Она уловила его слова через дверь и заплакала, но короткий разговор окончился, и, вытерев слезы, она села к зеркалу.
Он купил газету и, сидя за рулем, бегло просмотрел страницы. В глаза бросились заголовки крупным шрифтом, сообщавшие о расстреле тех, кто свершил убийство видного каудильо. Ему припомнились великие события — поход против Вильи, президентство убитого, когда все клялись этому человеку в верности, и Он взглянул на фотоснимок в газете: его бывший покровитель лежал, раскинув руки, с пулей в черепе. На улицах сверкали капоты новых лимузинов, мелькали короткие юбки и высокие шляпы женщин, широкие брюки франтов и ящики чистильщиков, сидевших на тротуарах около фонтанов. Но не улицы бежали перед его стеклянными неподвижными глазами, а одно слово. Казалось, оно на языке, в быстрых взглядах пешеходов, в их кивках, усмешках; оно читалось в непристойных жестах, вопросительно поднятых плечах, презрительно указующих пальцах. Его вдруг охватило злобное веселье, пригнуло к рулю и быстрее понесло вперед, покачивая на рессорах и теребя стрелку спидометра; понесло мимо всех этих лиц, жестов и кукишей. Нет, Он своего не упустит, Он знает, что тот, на кого ему было наплевать вчера, завтра сможет расправиться со всеми. Солнце ударило в ветровое стекло, Он прикрыл рукой глаза: да, до сих пор удавалось делать правильную ставку — на волка позубастей, на восходящего каудильо и бросать того, кто проиграл.
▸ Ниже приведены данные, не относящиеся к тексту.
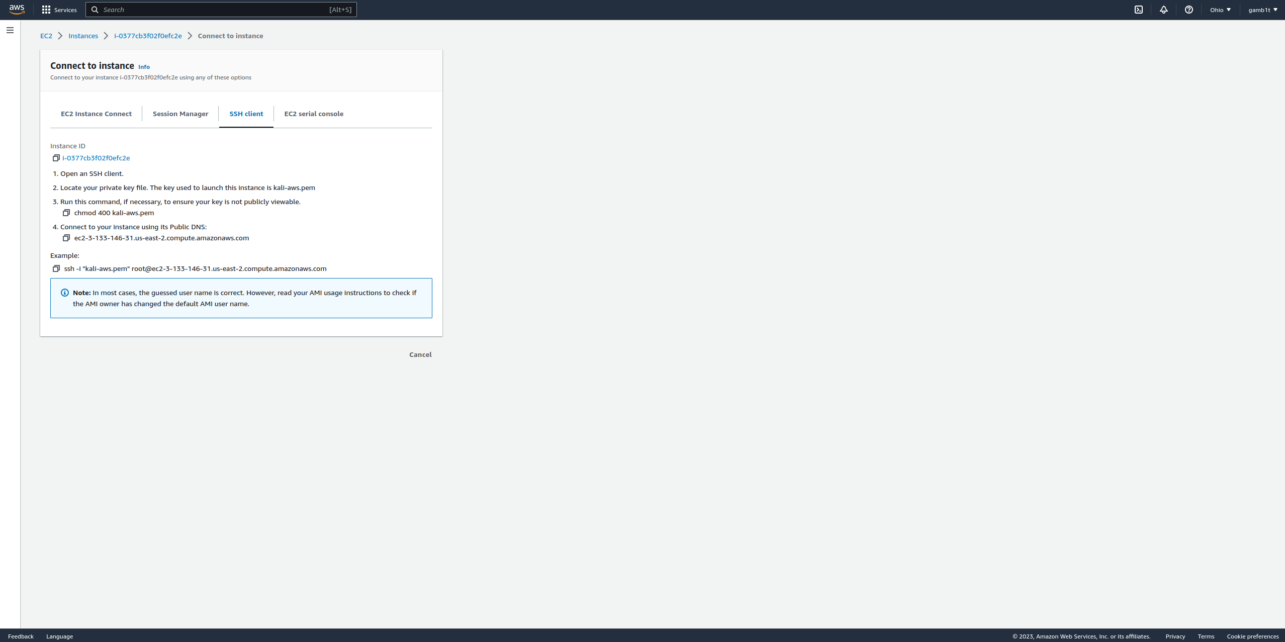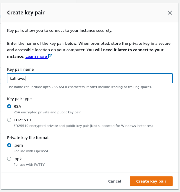 kali@kali:~$ ssh -i "keys.pem" kali@ip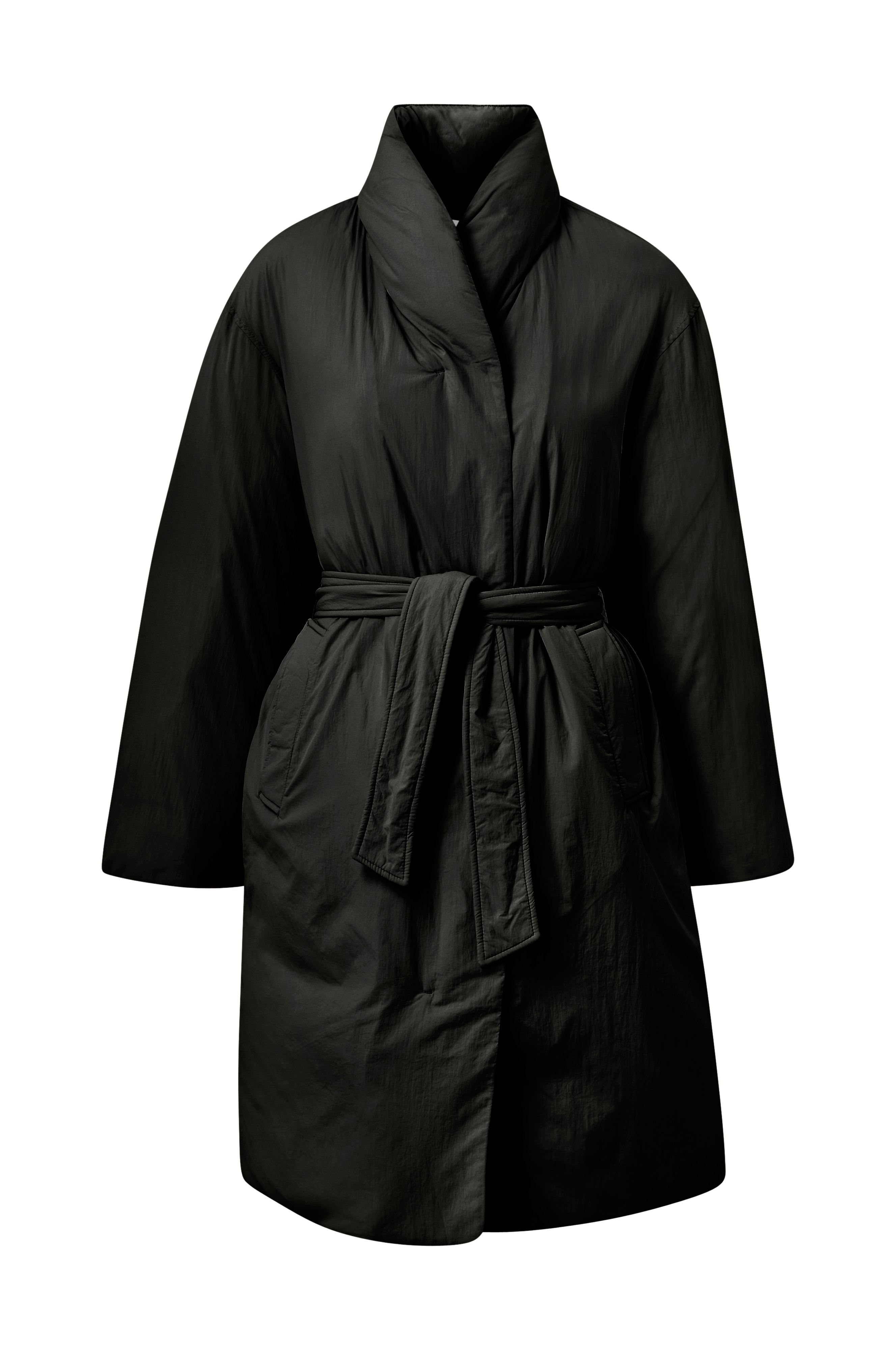• Kåpe med resirkulert dunvattering • Skjult to-veis glidelås med trykknapper foran • Ståkrage med overlappdesign • Skjult ribbet mansjett i ermeslutten • To lommer • Knytbart belte ved midjen • Lengde: 102 cm i størrelse S • Produktet inneholder gjenvunnet materiale som er brukt for å redusere mengden avfall, samtidig som det ikke er brukt nye ressurser.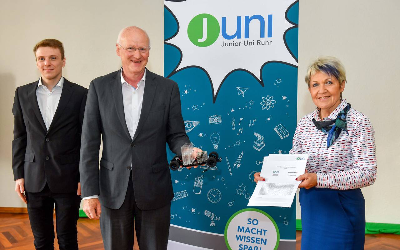 Die Agentur könne bei aktuellen Themen, wie Energiewende, alternative Antriebsstoffe oder auch umweltfreundliche Mobilität viele Fragen von Jugendlichen beantworten. Schon bevor das Papier unterzeichnet war, hat die EnergieAgentur.NRW einen Kurs mit angeboten. Jugendliche konnten hier praktische erfahren, wie Wasserstoff und Brennstoffzellen zusammen wirken. Die Junior-Uni Ruhr hat mittlerweile über 50 Partner, die das Kursprogramm mitgestalten.
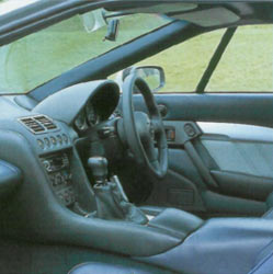 Hang on a minute, though. Stepping out of the Noble into the Lotus, I seem to be swapping one set of ergonomic woes for another. Entering the Esprits drivers seat is akin to entering your house via the letterbox, so tight is the aperture between door panel, seat squab and steering wheel. Once strapped in, your feet get tangled up in the footwell and the sill-mounted handbrake lever is all bout out of reach. The drivers seat is more comfortable, thanks mainly to a more generously stuffed cushion. Peripheral visibility is on a par with the Noble, by which I mean decidedly restricted, but the view ahead is unique, thanks to the enormous, flat pane of windscreen glass.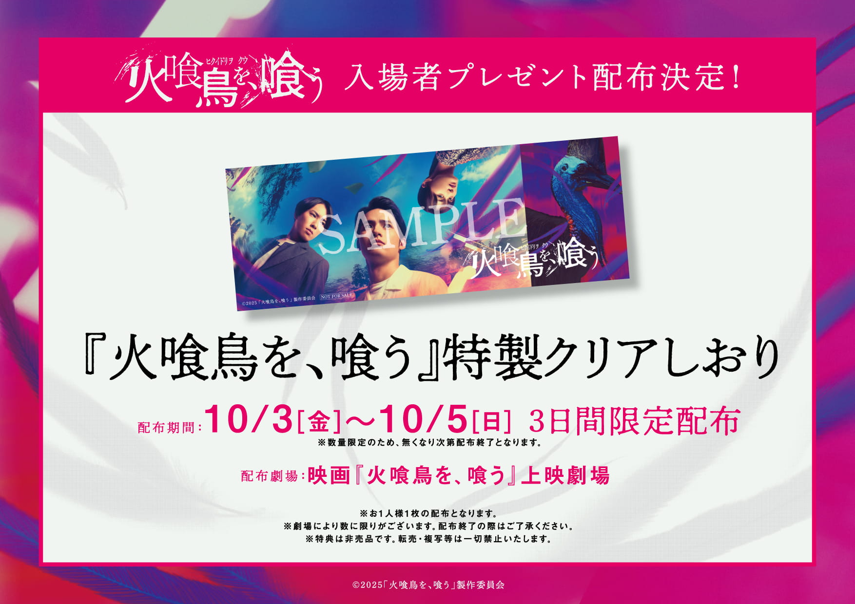 配布期間:10月3日(金)~10月5日(日)3日間限定配布 ※数量限定のため、無くなり次第配布終了となります。 配布劇場:映画『火喰鳥を、喰う』上映劇場 ※お1人様1枚の配布となります。 ※劇場により数に限りがございます。配布終了の際はご了承ください。 ※特典は非売品です。転売・複写等は一切禁止いたします。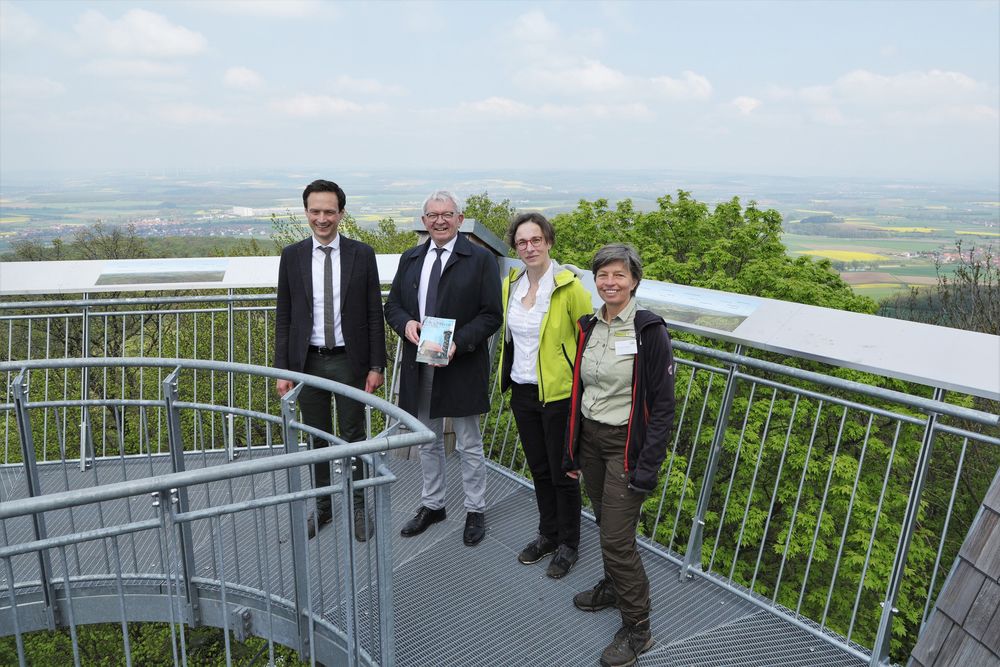 So hob Landrat Töpper in seinem Grußwort die gute Zusammenarbeit zwischen Landkreis und Naturpark hervor und dankte dem Naturpark-Vorsitzenden Landrat Kalb für sein Kommen und die Unterstützung des Projektes. Gemeinsam mit Naturpark-Geschäftsführerin Sandra Baritsch stiegen sie die 107 Stufen hinauf zur Aussichtsplattform und überzeugten sich von der ansprechenden Architektur und dem beindruckenden Panorama, das der Turm bietet. „Es ist schön, dass der Steigerwald über mehrere Landkreisgrenzen hinweg einer so großen Region Identität verleiht und Menschen zusammenbringt. Der Zabelsteinturm ist ein Symbol dieser Verbundenheit und ich komme immer wieder gerne hierher, es ist ein ganz besonderer Ort“, sagte Landrat Florian Töpper und dankte auch dem Steigerwaldklub Gerolzhofen für die Einladung zum Bergfest. „Sie leisten hier tolle Arbeit“, lobte er.

Вот и центральная площадь — Сокало. Под каждой аркой Национального дворца — часовые. Два часа дня. Об этом возвестили густым бронзовым звоном колокола Кафедрального собора. У входа во дворец Он предъявил часовому депутатское удостоверение. Прозрачный зимний воздух плоскогорья смягчал острые контуры старого Мехико с его многочисленными храмами. Вниз по Аргентинской и Гватемальской авенидам спускались стайки студентов, сдавших экзамен. Он поставил автомашину в патио. Поднялся в лифте, прошел ряд салонов — по паркету из розовой сейбы, под яркими люстрами — и занял место в приемной. Вокруг чуть шелестели голоса, произносившие тихо, с благоговением всего лишь два слова:
— Сеньор президент.
— Соньор прозодонт.
— Саньар празадант.
— Депутат Крус? Милости просим.
Толстяк протянул ему руки, и оба стали похлопывать друг друга по спине, по поясу, потирать себе ляжки. Толстяк, как всегда, пыжился от утробного смеха и глотал хохот, целил указательным пальцем в голову и снова заливался беззвучным смехом, подрагивая животом и смуглыми щеками. Потом застегнул с трудом воротничок мундира и спросил, читал ли Он газету. Он ответил, что читал, что уже понял игру, но что все это не имеет значения и Он приехал только для того, чтобы засвидетельствовать свое почтение сеньору президенту, заявить о своей безграничной преданности. Толстяк спросил, не пожелает ли Он себе чего-нибудь? Он упомянул тогда о нескольких пустырях за городом, которые сейчас немногого стоят, но со временем их можно будет отдать под застройку. И шеф полиции обещал устроить ему это дело, потому как они теперь кумовья, они ведь теперь побратимы, а сеньор депутат сражался — о-го-го! — с тринадцатого года и имеет полное право пожить в свое удовольствие, не страшась превратностей политики. Сказав это, толстяк снова погладил его по плечу, похлопал по спине и по ляжкам в знак дружбы.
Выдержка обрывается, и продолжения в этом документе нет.